In the late 1970s, President Carter’s “War on the West” spawned what came to be known as the Sagebrush Rebellion, which Ronald Reagan embraced during his campaign for president in 1980: “I happen to be one who cheers and supports the Sagebrush Rebellion,” candidate Reagan proclaimed in a speech in Salt Lake City. “Count me in as a rebel.” The uprising was spurred by the fact that, more than any other region, the American West had been victimized by the environmental policies implemented—utterly regardless of their destructive economic and human consequences—during the previous two decades. Reagan had seen firsthand the transformation of the environmental movement from one of conservation and stewardship, in which the part played by human beings and technology was vital, to a movement in which humans and technology were understood to be enemies of nature. As articulated by Reagan, opposition to extreme environmentalism represented a return to true environmentalism. America’s “environment[al] heritage” will not be jeopardized, he promised, while at the same time insisting that “we are going to reaffirm that the economic prosperity of our people is a fundamental part of our environment.”

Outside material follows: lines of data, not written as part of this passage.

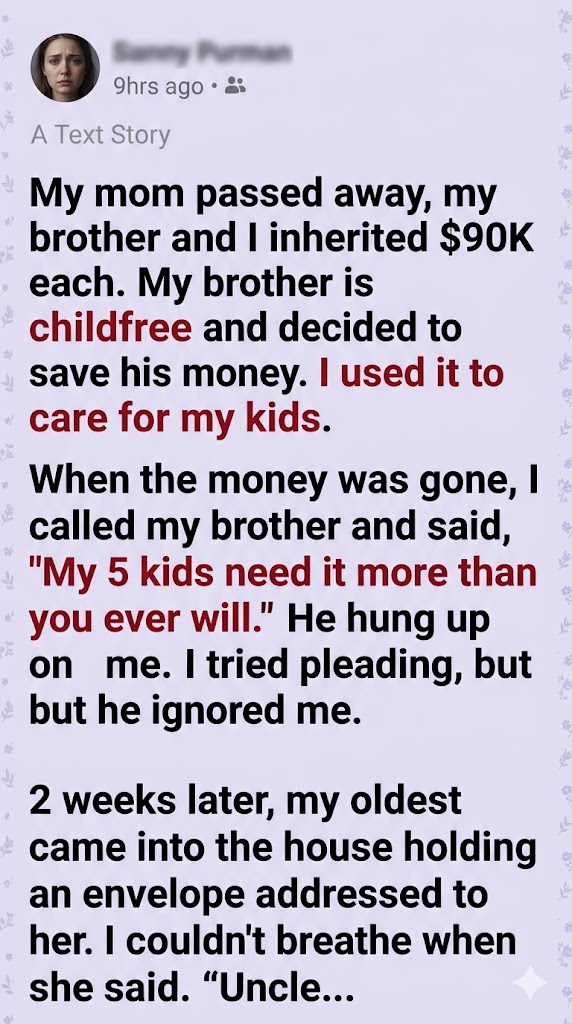When Mom passed, everything felt like it was moving underwater—slow, heavy, unreal. Then came the will, the lawyer’s office, the quiet reading of numbers that somehow reduced a lifetime of love into neat figures.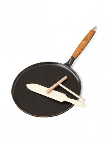 Staub Сковорода для блинов с деревянной ручкой, 28 см, с приспособлением для размазывания теста и лопаткой 1212823 Staub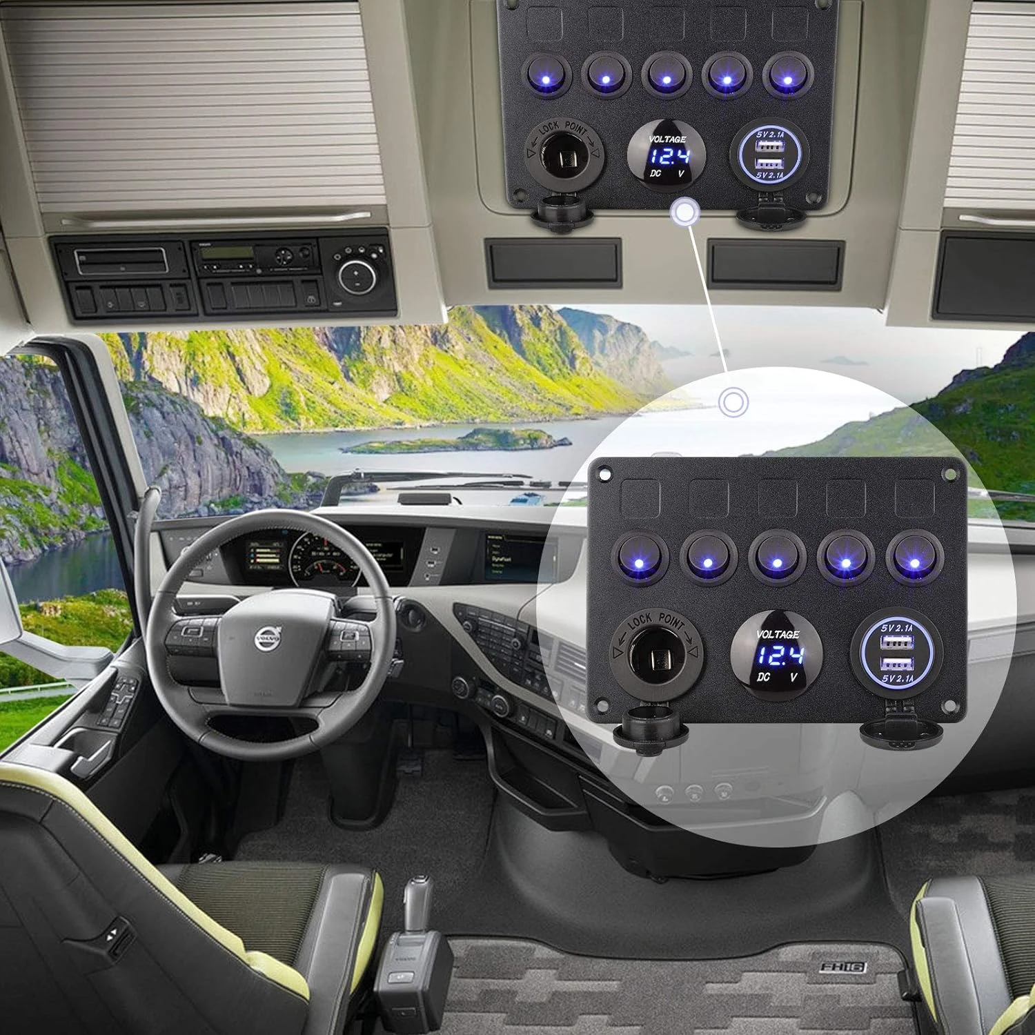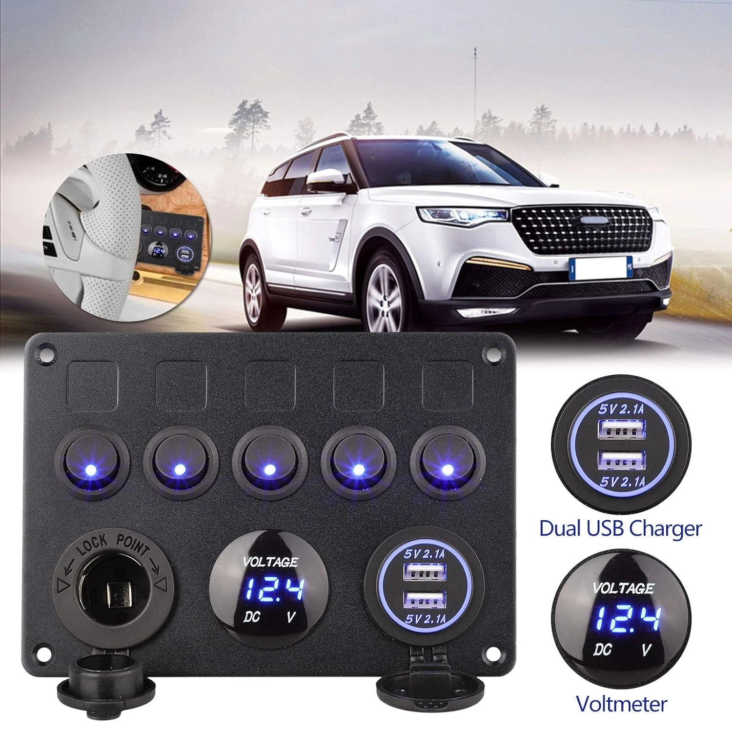4. Панел за вграждане табло с 5 бутона превключвателя с 2бр USB зарядно 4.2А с 12V изход гнездо за запалка и волтметър универсален за кола камион каравана лодка и др.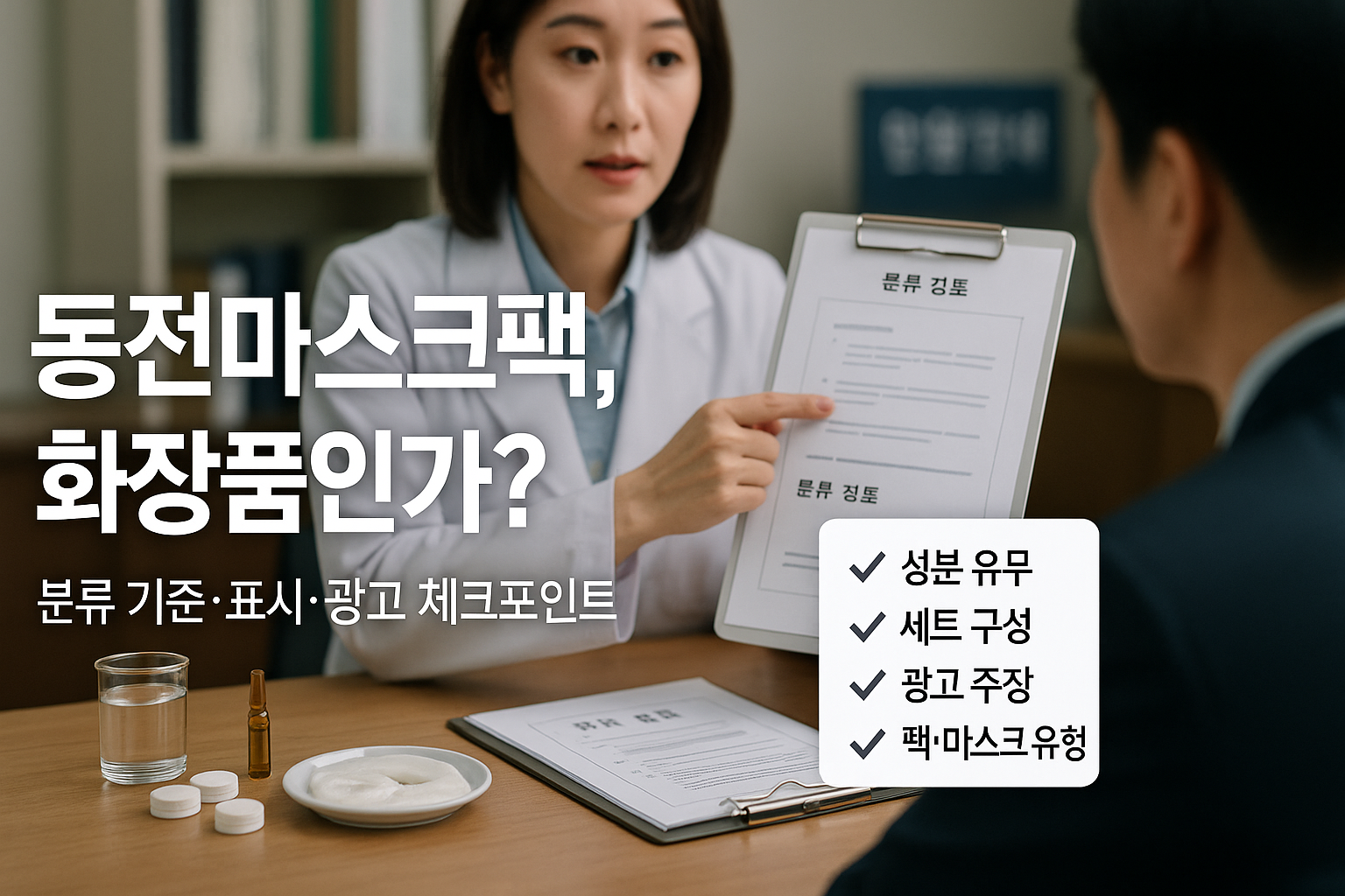 압축·건조된 시트지를 물에 적셔 쓰는 이른바 동전마스크팩이 언제 화장품이 되고, 언제 아닌지는 제품 구성과 표시·광고, 성분 유무에 따라 달라집니다. 핵심은 피부에 사용하는 ‘물품’로서 화장품 정의에 부합하느냐와 효능·효과 주장의 수준입니다.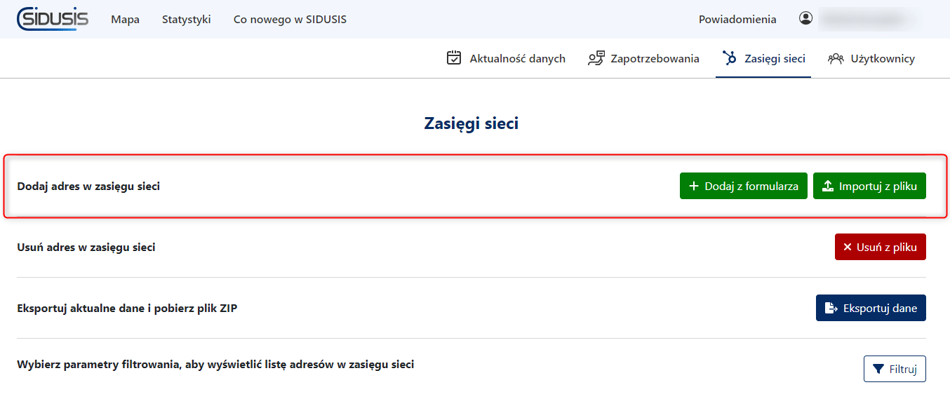 Przycisk eksportuj umożliwia zapisanie zdefiniowanych w aplikacji adresów zasięgu sieci do pliku csv zgodnego ze strukturą opisaną w dokumencie standardy technologiczne. Po zapisaniu pliku, następuje kompresja pliku csv adresów zasięgu. Następnie możemy wskazać skompresowany plik w serwisie SIDUSIS wykorzystując do tego odpowiednią opcję: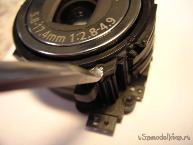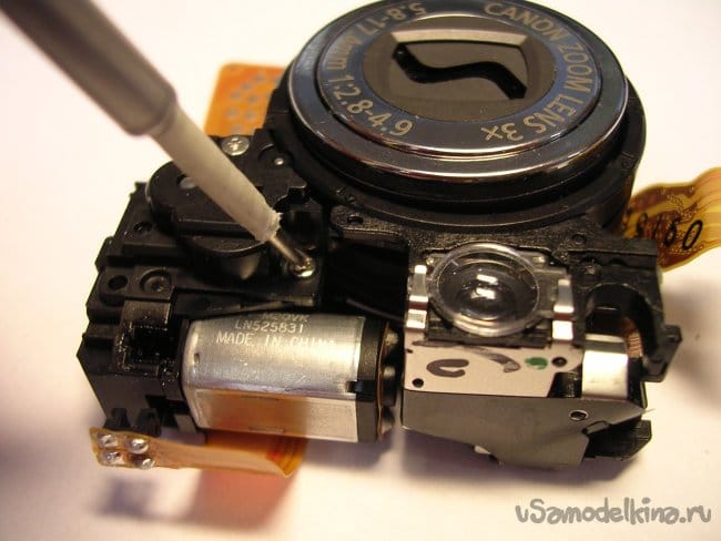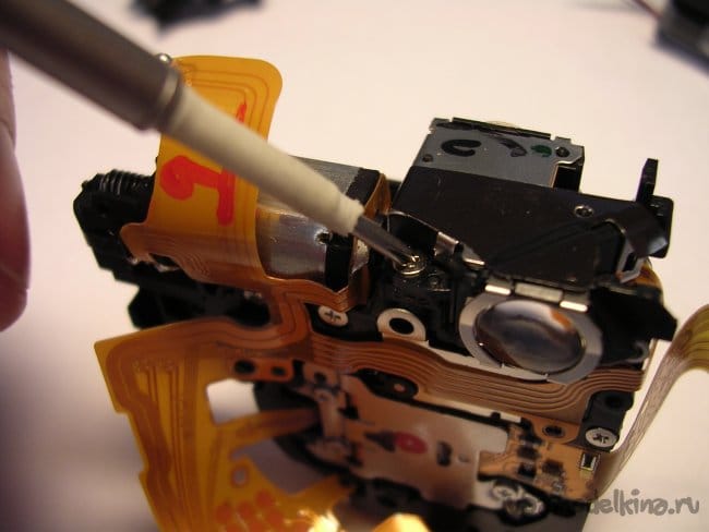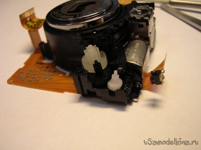 Снимаю мотор выдвижения объектива и крепления мотора автофокуса.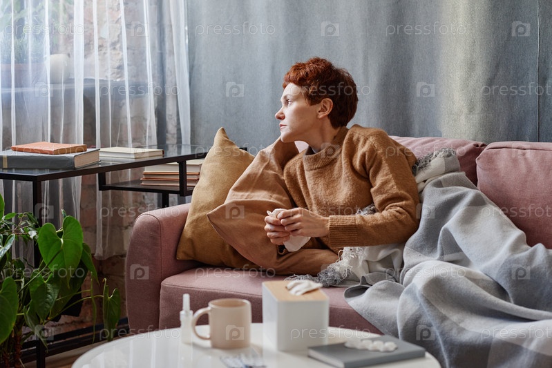 Горизонтальный снимок женщины, страдающей от гриппа, держащей бумажный салфетку, расслабляющаяся на диване дома и оглядываясь в сторону
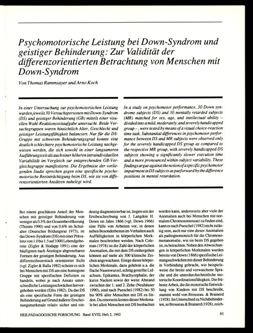 In einer Untersuchung zur psychomotorischen Leistung wurden jeweils 30 Versuchspersonen mit Down-Syndrom (DS) und geistiger Behinderung(GB) mittels einer visuellen Wahl-Reaktionszeitaufgabe untersucht. Beide Versuchsgruppen waren hinsichtlich Alter, Geschlecht und geistiger Leistungsfähigkeit balanciert. Nur für die DSGruppe mit schwerem Behinderungsgrad konnte eine deutlich schlechtere psychomotorische Leistung nachgewiesen werden, die sich sowohl in einer langsameren Ausführungszeit als auch einer höheren intraindividuellen Variabilität im Vergleich zur entsprechenden GB-Vergleichsgruppe manifestierte. Die Ergebnisse der vorliegenden Studie sprechen gegen eine spezifische psychomotorische Beeinträchtigung beim DS, wie sie von differenzorientierten Ansätzen nahelegt wird.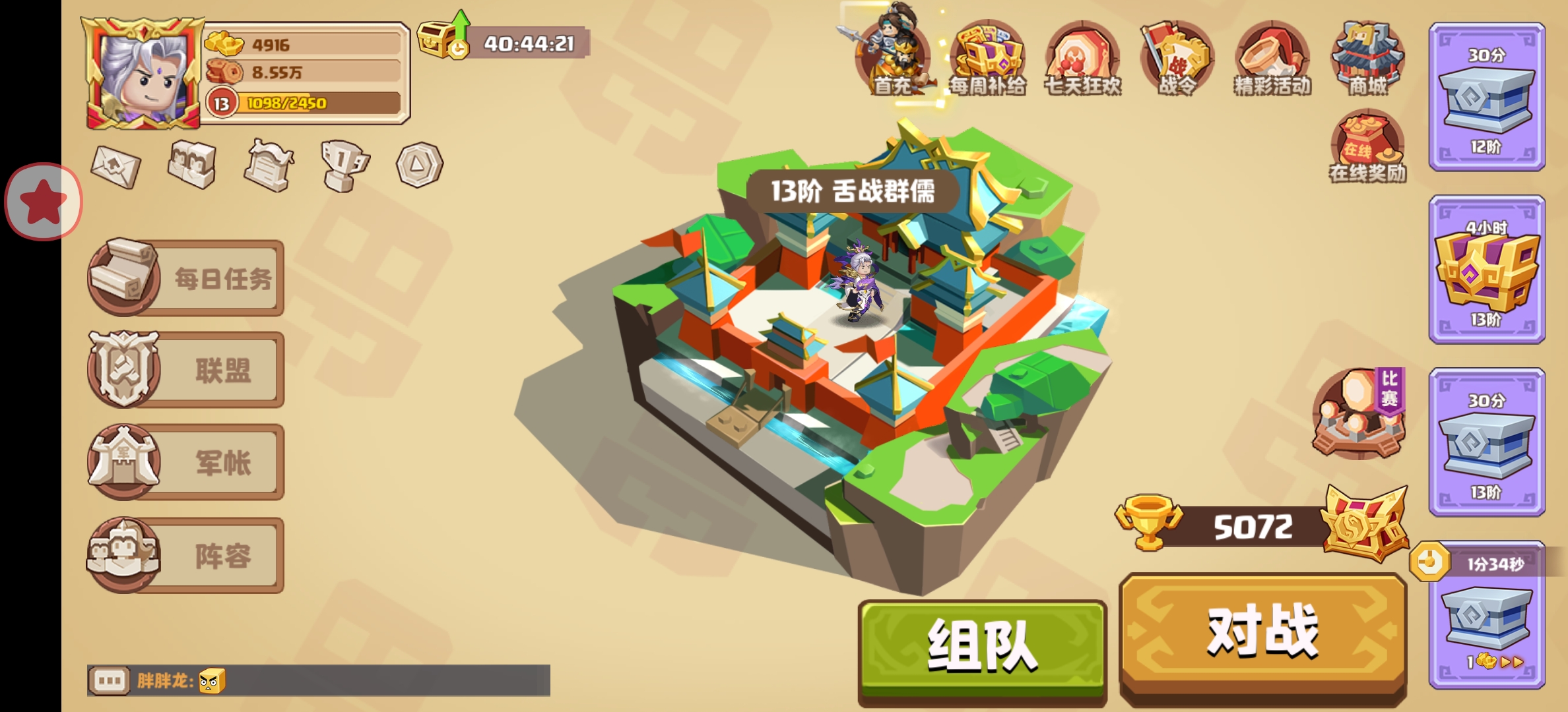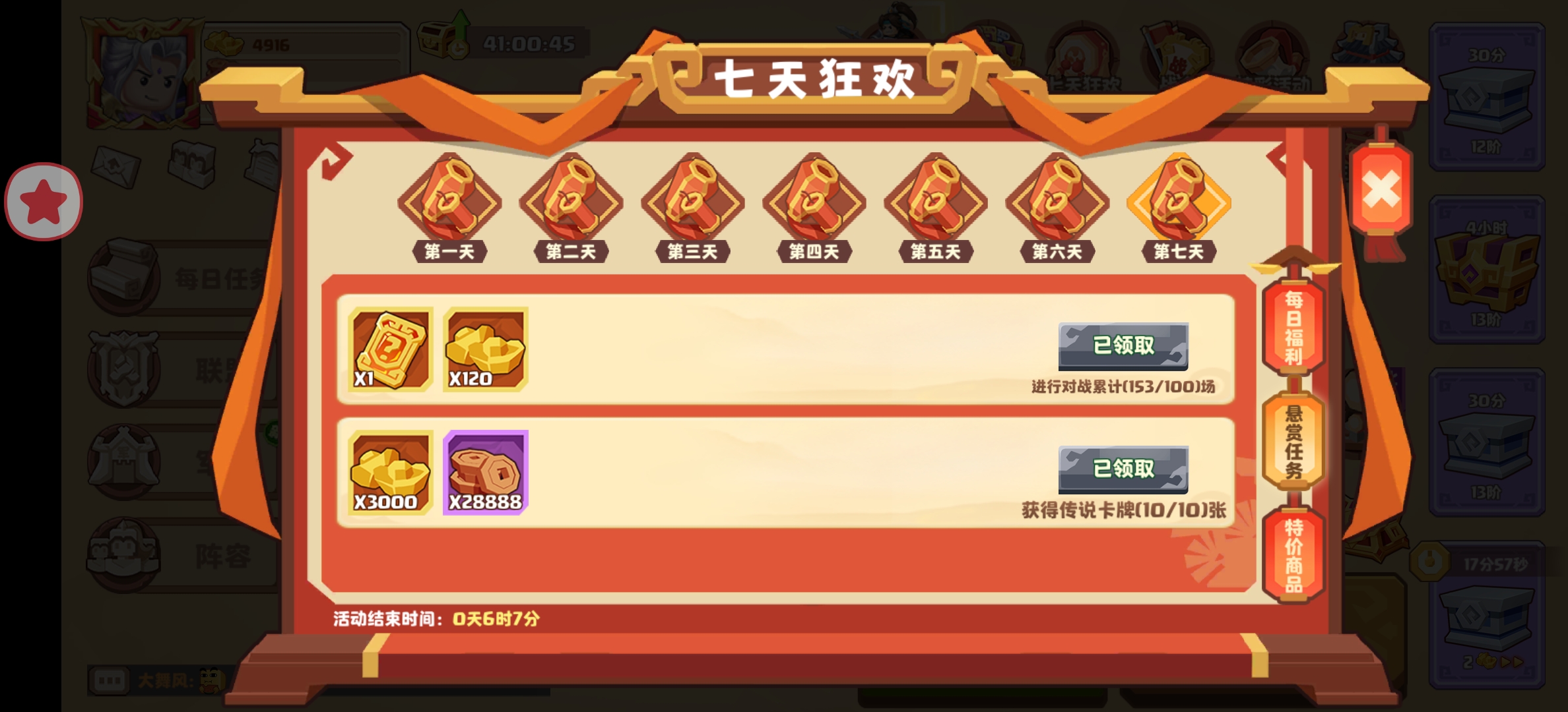 新人上线,会有《七天狂欢》,不仅能得橙卡,每攒够2/4/6/8/10张橙卡还能领元宝和铜币,活动最后一天的时候我已经9张橙卡了,心想如果打不出箱子就来个首充,结果对战送了个神金箱,开了个华雄,直接搞定,这一波稳赚。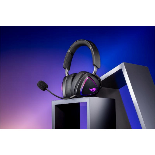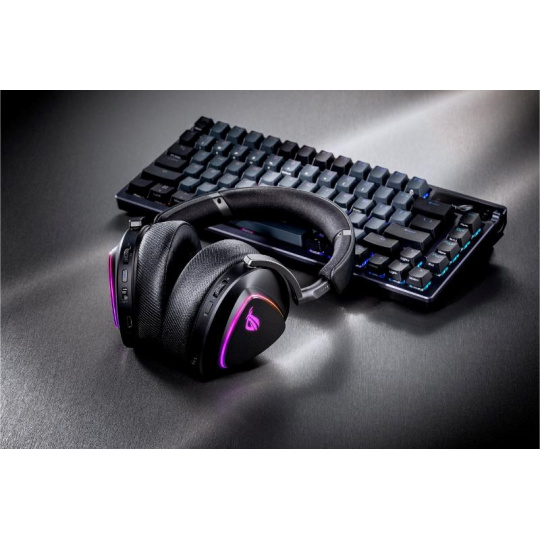 Bezdrôtová herná náhlavná súprava v troch režimoch s ROG SpeedNova, 50mm drivery s titanovou membránou a vyladeným zvukom, 10mm super širokopásmový mikrofón, DualFlow Audio, výdrž batérie až 110 hodín, ľahký dizajn 318 g, plus RGB osvetlenie ASUS Aura Sync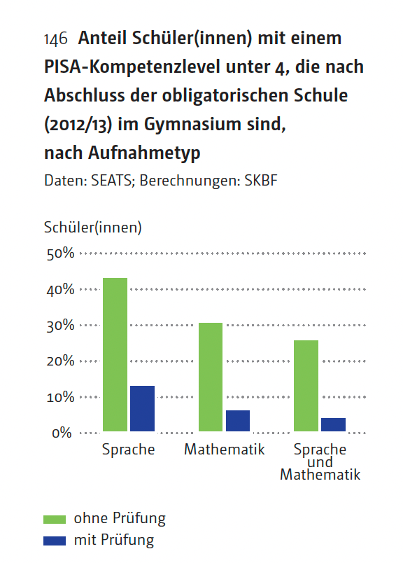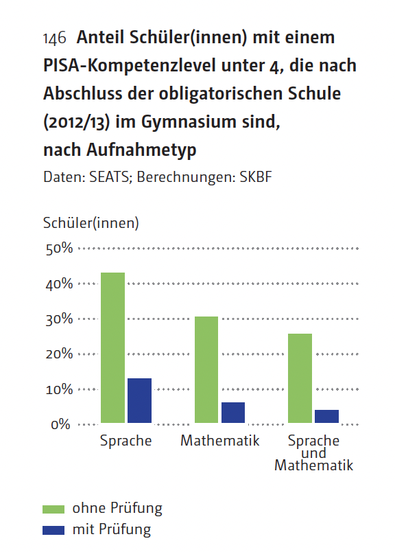 Bei einem Aufnahmeverfahren, bei dem Vornoten und Aufnahmeprüfungen zählen wie in Zürich, ist der Anteil der Schülerinnen und Schüler, die sowohl in Sprache als auch in Mathematik nicht ins Gymnasium gehören würden, deutlich unter 5 Prozent. [In Kantonen ohne Aufnahmeprüfung] sind es fünfmal mehr, nämlich 25 Prozent.

In terms of the public land issue, Reagan blamed “a tiny minority opposed to economic growth” for locking up federal lands that hold “probably 70 percent of the potential oil in the United States,” and he vowed to support the use of federal lands to meet America’s energy, economic, and foreign policy needs. As former governor of California, he knew all too well that the federal government owns a third of the land that makes up the United States, the vast majority of this being in the West. Federal holdings include nearly a third of Colorado, Montana, New Mexico, and Washington; roughly half of Arizona, California, Oregon, and Wyoming; and two-thirds or more of Alaska, Idaho, Nevada, and Utah. By comparison, the three non-Western states with the most federal land are New Hampshire at 14 percent, Florida at 13 percent, and Michigan at ten percent.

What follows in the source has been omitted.